Dive Brief:
- Freightos, a digitized freight company, has received $25 million in Series B funding, bringing the company's total current funding to $50 million, a company press release announced.
- Freightos, which launched in 2016, has seen a 100% increase in orders since Q4 2016. The company supplies 1,000 users and the top twenty global freight forwarders.
- The Freightos International Freight Index offers free global freight rate comparisons and insights.
Dive Insight:
Freightos launched its cloud-based freight marketplace Freightos International Freight Index (FIFI) in February, a freely-provided week-by-week list of benchmark prices for ocean freight shipping on three trade lanes. The digitized freight company is considered an industry disruptor, thanks to its ability to remove access barriers to data, thereby dismantling the established manual reporting process, so long relied on by freight forwarders.
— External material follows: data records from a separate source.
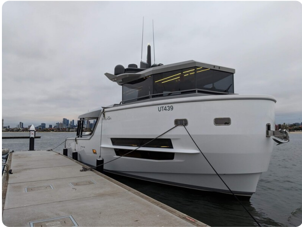
CIAO! profile fwd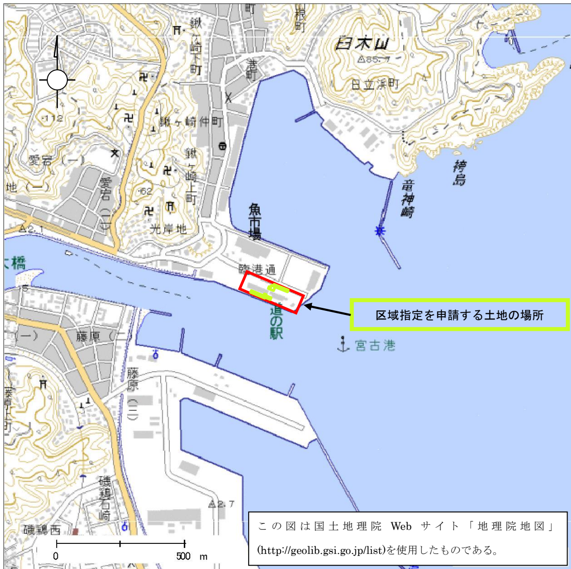
区域指定対象 周辺位置図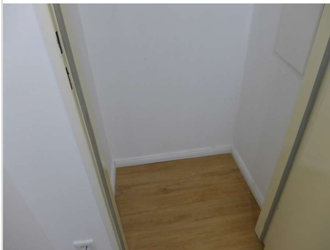
Abstellkammer im Flur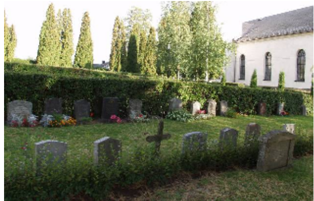
Gravkvarteren norr om kyrkan – Digitalfoto Rolf Hammarskiöld

Kyrkogården närmast runt kyrkan ligger med sin stensatta terrass upphöjd över förbipasserande väg. På södra och östra sidan har björkar planterats i rader, på den västra och norra växer höga tujor. Gravarna ligger i nord-sydliga rader, med rygghäckar, omgivna av gräsbevuxna ytor.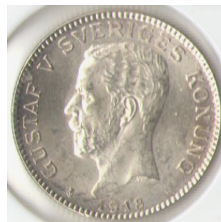
Nr 1 1Kr 1918 kv. 7,5 (1+/01 - 01)

(OBS! det är svårt att få till bra bilder som gör mynten rättvisa)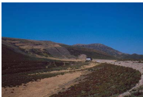
Figura 1. Hábitat de Iberolacerta galani . El Morredero (León).

Los substratos rocosos que habita son bastante diversos: en Sanabria y la Sierra de la Cabrera vive sobre rocas ígneas poco fisuradas (granitoides “Olló de Sapo” y otros de tipo sincinemático de edades inciertas); en el Teleno y Trevinca vive sobre lajas de pizarras negras del Ordovícico Medio, muy apreciadas para la construcción, lo que podría constituir un peligro para su conservación en algunas áreas; y en las cumbres de estas sierras (Teleno y Cabrera) viven sobre las duras cuarcitas armoricanas que constituyen los materiales resistentes a la erosión de estos picos.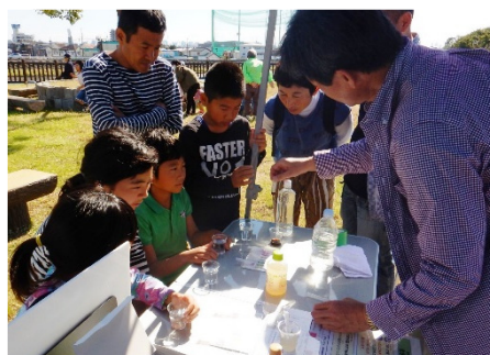
豆島フェスタでの水質パックテスト体験(10/28)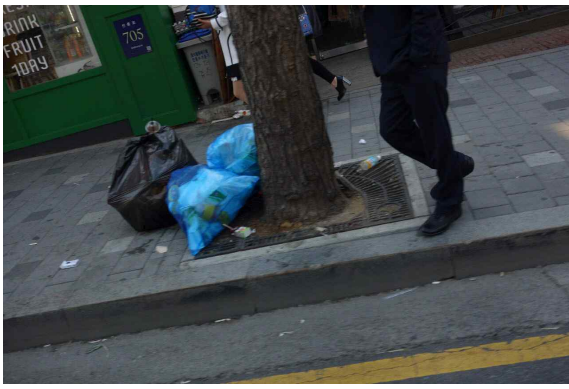
감사담당관 | 강남구청역 부근 쓰레기 시간외 배출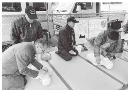
意識確認後に心肺蘇生法を実践

京都市消防局の一年間の救急出動件数は、約9万420件、この数字からも誰もが救急事故に遭遇する可能性があります。また、救急車が現場に到着するまでの時間は、全国平均8分以上かかります。その場にいる人が1秒でも早く、周囲の人と協力をして自分のできることを行動に移すことが、救命効果を高めていきます。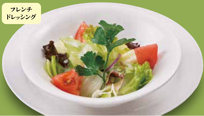
●ミニサラダ Small Salad 小份沙拉 / 미니 샐러드 ¥220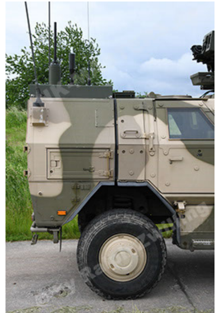
Dingo 2 GE A3.4 CG-13 (58).JPG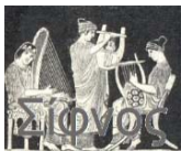
Ensemble Femminile " Sifnos " di Brescia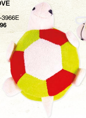
MOROCCAN OIL BATH SPONGE GREEN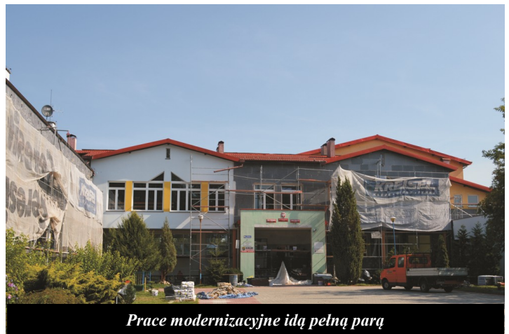
Prace modernizacyjne idą pełną parą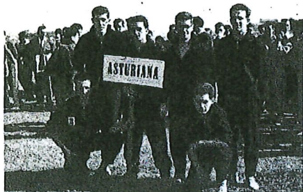
Carpeta, abajo a la derecha, con la Selección Asturiana en un nacional de campo a través.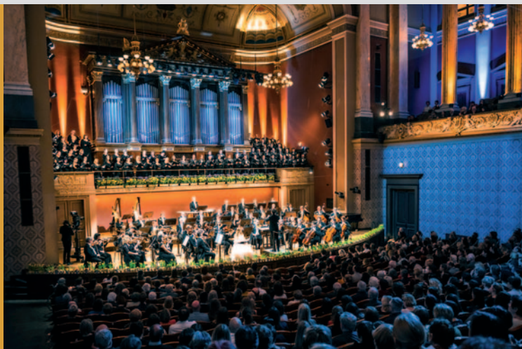
Symbolická podpora Ukrajiny se na Jarním koncertě promítla i do zabarvení Dvořákovy síně.

rokem PKF—Prague Philharmonia. Koncert byl živě streamován na facebookových stránkách PFS a ČT art. Koncert, který se konal měsíc po vypuknutí ruské invaze na Ukrajinu, byl věnován právě na podporu Ukrajiny. Na začátku večera zazněla česká a ukrajinská hymna a cappella (v podání PFS a několika ukrajinských zpěváků), projevy pronesli ministr kultury ČR pan Martin Baxa a velvyslanec Ukrajiny pan Jevhen Perebyjnis s manželkou. PFS se připojil ke sbírce, kterou organizovalo velvyslanectví Ukrajiny v ČR (publikum v Rudolfinu mohlo přispět do sbírky prostřednictvím QR kódu vloženého do programu koncertu).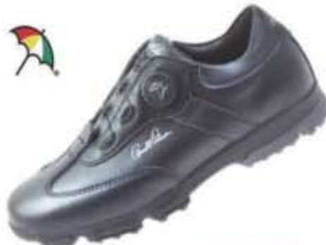
특별할인가: 139,000원 ▶69,500원 챌린저2 천연소가죽/엠보싱 러버창 AP-02 블랙 / 230-280mm(남성용)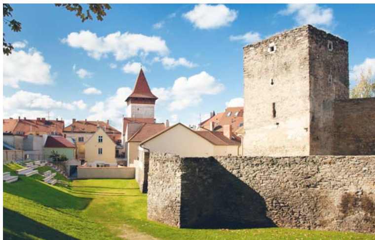
■ Hranolová věž v hradebním příkopu. Jeho prostor bude během vinobraní vyhrazen hlavně dětem.

Zastřešení věže bylo ze strany orgánů památkové péče zamítnuto, proto bude provedena oprava stávajícího středního pláště s aplikací izolace proti vodě, oprava rozvolněných částí vrcholu věže a odvodnění. Celková investice do oprav, které bude provádět znojmská stavební firma Jelínek, se vyšplhá na 888 000 korun. Zhruba čtvrtina nákladů by má být financována z dotace ministerstva kultury. O vinobraní bude hradební příkop s hranolovou věží místem pro hlídání a aktivity dětí. zp, lp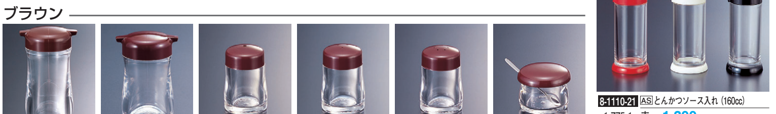
8-1110-13 1-774-8 ACソース入れ ブラウン ¥830 (6.4φ×13.5) 幅100 8-1110-14 1-774-9 ACしょう油入れ ブラウン ¥800 (6.4φ×11) 幅100 8-1110-15 1-774-10 ACヨーヅ入れ (1ツ穴) ブラウン ¥460 (4.4φ×7.3) 幅150 8-1110-16 1-774-11 AC塩入れ (3ツ穴) ブラウン ¥460 (4.4φ×7.3) 幅150 8-1110-17 1-774-12 AC胡椒入れ (6ツ穴) ブラウン ¥460 (4.4φ×7.3) 幅150 8-1110-18 1-774-13 ACカラシ入れ (ミニスプーン付) ブラウン ¥570 (6.1φ×4.8) 幅150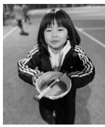
差入れのお味噌汁で温まりました！

〈開催概要〉 日時：令和4年12月4日(日) 午後6時～8時 会場：綾川町ふれあい運動公園 人工芝グラウンド 主催：綾川町、UDN香川FC、リーグベスト 協力：ベースロ、香川県、(公財)香川県国際交流協会 参加者：計38名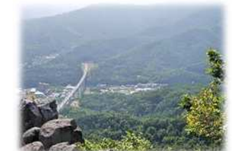
（新駅予定地を望む）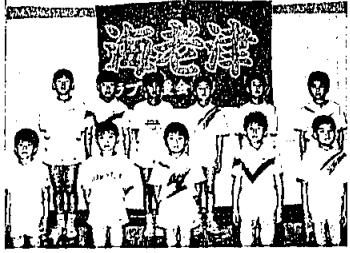
全国大会出場選手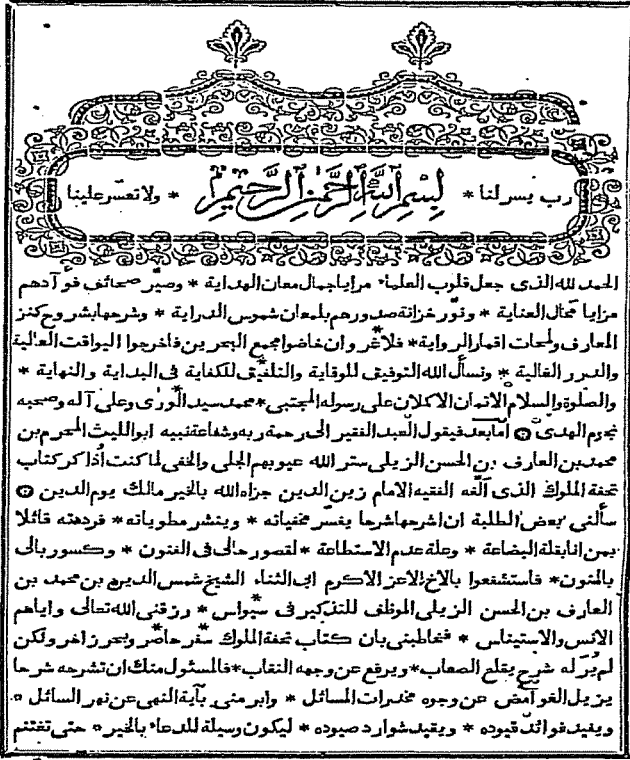
Ek 4: Hicrî 1290/Miladî 1873 tarihinde Kazan'da basılan "Hediyetü's-şu'lûk" un ilk sayfası (Toplam 268 sayfa).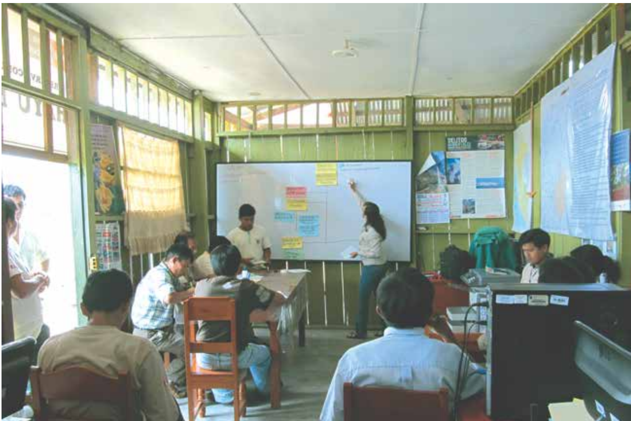
Capacitación a la ECACHAYUNAIN por los guardaparques de la Reserva Comunal.

Finalmente el establecimiento de una Zona Reservada en la Cordillera de Colán, que devino en su categorización, en 2009, como Reserva Comunal Chayu Nain, tuvo como propulsores a una organización regional indígena: el Consejo Aguaruna Huambisa, ocho comunidades nativas (a las que se añadirían tres más) y la ONG APECO. La Reserva Comunal ocupó sus primeros años de gestión en contribuir a organizar a las comunidades nativas y que éstas logren conformar una institución que los represente ante el SERNANP. No obstante, se había descuidado un tanto la incorporación de otros actores locales, a pesar que acudían a las convocatorias a distintos eventos relacionados con la gestión de la Reserva.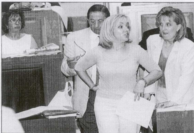
La consejera de Economía de la Junta durante el debate de la Ley de Estadística en las Cortes el pasado día 29.

Ahora comienza la fase de creación de los distintos órganos previstos en la propia norma. El director general de Estadística, Fernando Mallo, calcula que en un periodo de un año estará elaborado el Plan Estadístico de Castilla y León. "El 2002 será el primer año del Plan". Seis meses menos se tardará, según las previsiones, la creación del Consejo Asesor de Estadística que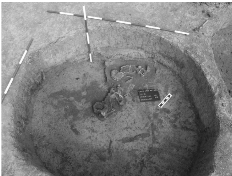
Abb. 7. Osek nad Bečvou. Objekt 84 mit zwei Kinderbestattungen. Aunjetitzer Kultur.

ní jámy. V jednom z hliníků bylo zjištěno také několik kůlových jamek - zbytků obydlí nebo (pravděpodobněji) přístřešku nad hospodářskými jámami či nad výrobní zónou.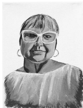
Vidas no contadas. 24 x 18,5 x 1,5 cm. 2024. Fig.3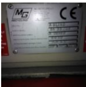
MG Compact 150T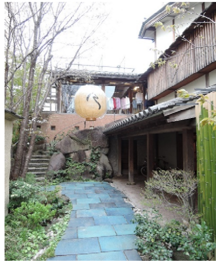
Badou-R本店 (東京都港区南青山)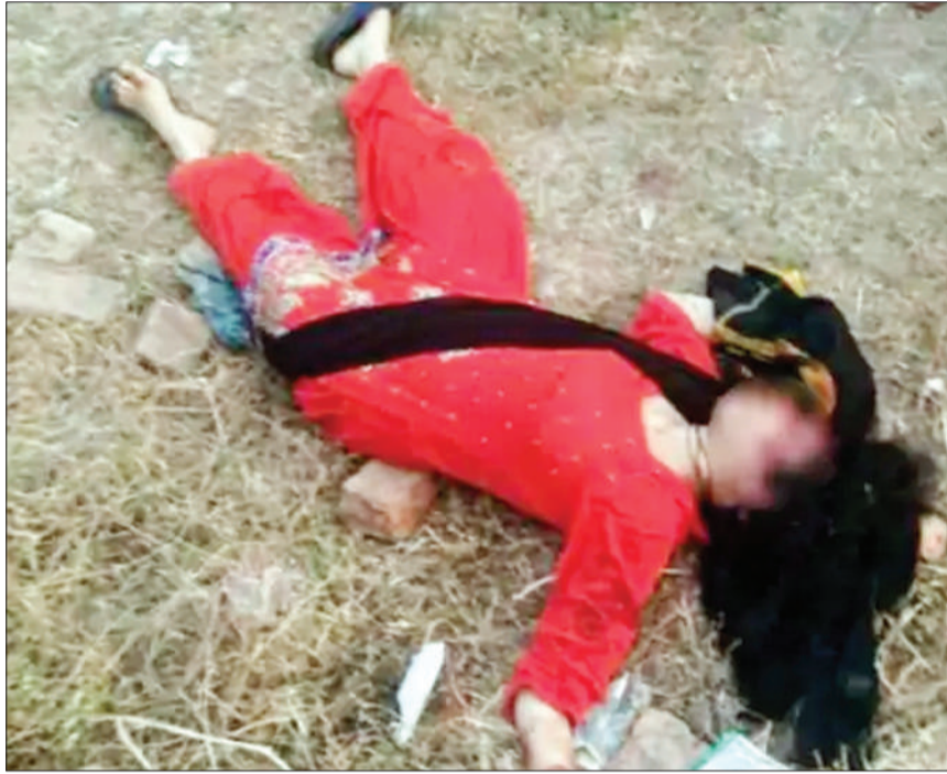
वाराणसी। वाराणसी में कूचकर हत्या कर दी। हत्या के थाना क्षेत्र के खेतों में फेंक हमलावरों ने महिला की सिर बाद उसके शव को लोहा दिया। पहचान मिटाने के लिए

रेप के बाद मर्डर की आशंका, मौके पर पहुंची फॉरेंसिक टीम

“The industry suffers from a lack of both accountability and digitalization between carriers, shippers, and logistics providers," Dr. Zvi Schreiber, founder and CEO of Freightos, told Supply Chain Dive. "Freightos digitizes the connection between these players and welcomes NYSHEX’s vision of standardizing forward contracts to enhance industry accountability. With Freightos digitalizing pricing and booking, and NYSHEX ensuring compliance, the industry will be able focus less on manual processes and more on improving efficiency and service.”
To many, with digitizing becoming the wave of the future in various aspects of the shipping industry, Freightos and other systems like it would seem to hold all the cards. Funding is available and orders are increasing exponentially. Another model has manifested, one that seeks collaboration rather than disruption: the New York Shipping Exchange, or NYSHEX.
NYSHEX, which also received funding from GE Ventures, relies on a contract-based system rather than an up to the moment global shipping rate aggregator. Where Freightos works around the issue of shipper-carrier distrust by simply presenting current rates (albeit in a rapid-fire manner), NYSHEX addresses it directly through binding contract creation, which obligates both parties to pay a fee if there's a no-show or a rollover, both of which hurt the parties involved. And, while the NYSHEX is alleged to favor carriers, there's a mere 5% difference in fines incurred, with 35% levied for carriers who roll over cargo, and 40% for shippers who overbook and then don't show.
Which system will prevail? Perhaps there's room for both options in an industry struggling to find its sea legs after months on dry land.